- Active: 2 October 2006 – present
- Agency: Metropolitan Police
- Operations jurisdiction: London; City of London;
- Headquarters: New Scotland Yard, Victoria Embankment, London SW1A 2JL
- Abbreviation: CTC SO15

= Counter Terrorism Command =

Special unit of the London Metropolitan Police Service

Counter Terrorism Command (CTC) or SO15 is a Specialist Operations branch within London's Metropolitan Police Service and the City of London Police. The CTC was established as a result of the merging of the Anti-Terrorist Branch (SO13) and Special Branch (SO12) in October 2006, bringing together intelligence, operations, and investigative functions to form a single command. The CTC has more than 1,500 police officers and staff, including a number of investigators based overseas, and also hosts the Counter Terrorism Policing headquarters.

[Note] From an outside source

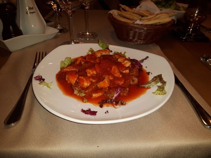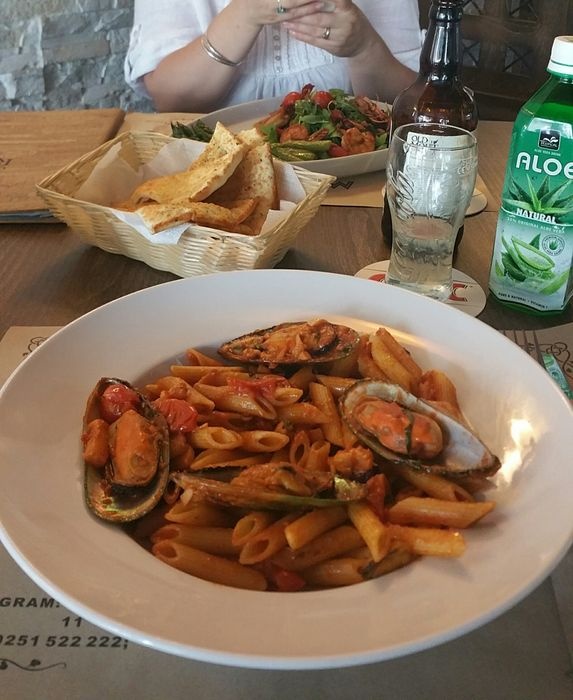 Mythos Restaurant is an elegant restaurant that is ideal for a family dinner, festive events or business meetings. It has a spacious area decorated in a rustic style and is ideal for spending some private moments in an intimate atmosphere. There is a designated smoking area and one for non-smokers. The restaurant also includes a spacious and green summer garden It is suitable for eating delicious food in the open air, and it provides a varied menu between Mediterranean, Greek and European cuisines, the most famous of which is saltimboca, which is a dish consisting of pieces of veal or wrapped poultry seasoned with herbs that impart irresistible flavors.

It originated in 1883 as the Irish Bureau, or Special Irish Branch as it became known, formed in 1883 at New Scotland Yard by the then Home Secretary, Sir William Harcourt. It consisted of just 12 detectives aiming to defeat the "Fenian" terrorist campaign that had been ongoing in London and across the country. By November 2013, the form of the CTC had grown to comprise 1,790 staff including 1,350 police officers and 600 detectives working in 75 specialist units with the capability to respond proactively or reactively anywhere in the world.

== Responsibilities ==
According to the CTC's website, the Command's overriding priority is to keep the public safe and to disrupt terrorist-related activity in the United Kingdom and against UK interests overseas by:

- detecting, investigating, and preventing terrorist threats and networks;
- working with partner agencies to acquire and use intelligence and evidence about terrorism and extremism;
- ensuring that the CTC's activity is focused, delivering value for money, productivity and an efficient and effective use of our resources;
- engaging, building and maintaining working relationships with boroughs, local communities, and national and international partners to understand better their needs and to use their expertise and experience in jointly combating the terrorist threat;
- working with communities, partners, institutions, groups and other agencies providing advice and support to tackle the ideologies that drive terrorism and extremism; and
- supporting, working and collaborating within the Counter Terrorism Policing network.
The CTC has a number of other national security functions. It deals with sensitive national security investigations, such as Official Secrets Act enquiries; and the investigation of war crimes (in effect making it the successor to the Met's War Crimes Unit), crimes against humanity, and politically motivated murders.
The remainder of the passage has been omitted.